BP has announced that it has finally stopped the flow of oil into the Gulf of Mexico.
It's been 85 days, 16 hours, and 25 minutes since the Deepwater Horizon oil rig exploded, killed 11 people and started an environmental disaster unlike any the United States has ever seen.
Communities along the Gulf of Mexico are breathing a sigh of relief, and the market has responded favorably to the news, giving BP a 5 percent bump to its share price.
Still, BP officials are quick to point out that this is not a permanent fix. For the first 48 hours, engineers are carefully watching the pressure on the wellhead, with higher pressure being desirable.
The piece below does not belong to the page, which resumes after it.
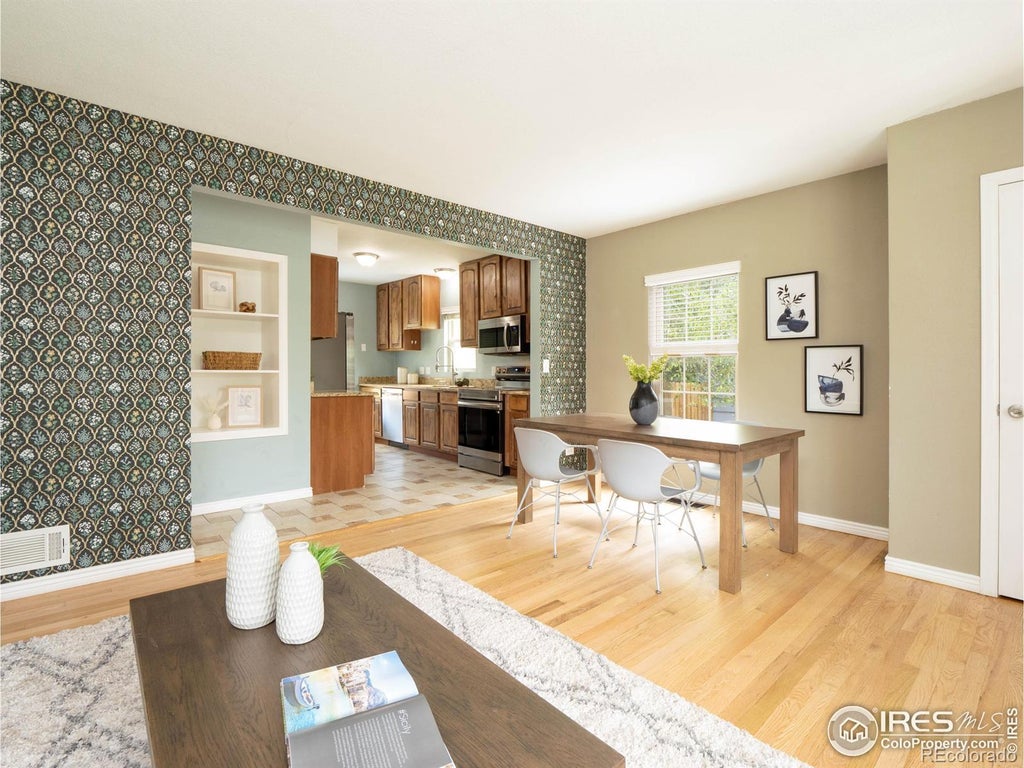 5K IN SELLER CONCESSIONS AND BRAND NEW STAINLESS APPLIANCES ALREADY INSTALLED! Sparkling real wood floors and private/spacious outdoor space, the list goes on. Your feet will find the warmth of freshly refinished wood floors that flow beneath curved ceilings-architectural poetry from an era when every detail mattered. Tasteful accent wallpaper whispers stories of timeless design, while new stainless appliances are graced with granite countertops catching the light streaming through updated dual-pane windows framed by elegant louvered shutters. Descend to discover a fully finished basement that doubles your living space-two additional bedrooms, a convenient laundry room, and a recreation area dressed in luxurious vinyl plank flooring. Here, possibilities unfold as generously as the space itself. Your private sanctuary awaits beyond the back door: a fully fenced backyard where quiet evenings gather around a fire pit under star-scattered skies. The detached garage, accessible through a peaceful alley, offers parking, storage, privacy and convenience. Adventure calls from every direction. William H. McNichols Park's fresh renovations beckon for morning walks, while Greenway Park's tennis courts and dog park promise weekend recreation. IMAGINE YOURSELF LIVING JUST 10 MINUTES from Stanley Marketplace, Oneida Park, Central Park & Rec Center, Lowry Town & Sports Complex, City Park , Denver Zoo, Fairfax Park, Quebec Center, Central Park Train Station w/direct access to Union Station and DIA! Urban sophistication just minutes away in every direction. This isn't just a home in an up-and-coming neighborhood-it's your front-row seat to Denver's exciting transformation, wrapped in the timeless charm of quality craftsmanship and modern convenience.

Less than 6,000 pounds per square inch, means a leak somewhere else in the well.
BP vice president Kent Wells declared the well sealed at a 2:25 pm news conference, and summed up the situation:
"I am very pleased that there's no oil going into the Gulf of Mexico," he said. In fact, I'm really excited there's no oil going into the Gulf of Mexico."
BP is still continuing to drill two relief wells, which are expected to be finished in the next few weeks. The plan is to use the relief wells to fill the plugged well with mud and cement to guarantee a permanent fix.
Meanwhile, BP and federal and state authorities are turning their attention to the estimated 93.5 to 184.3 million gallons of crude oil that has already escaped into the Gulf of Mexico.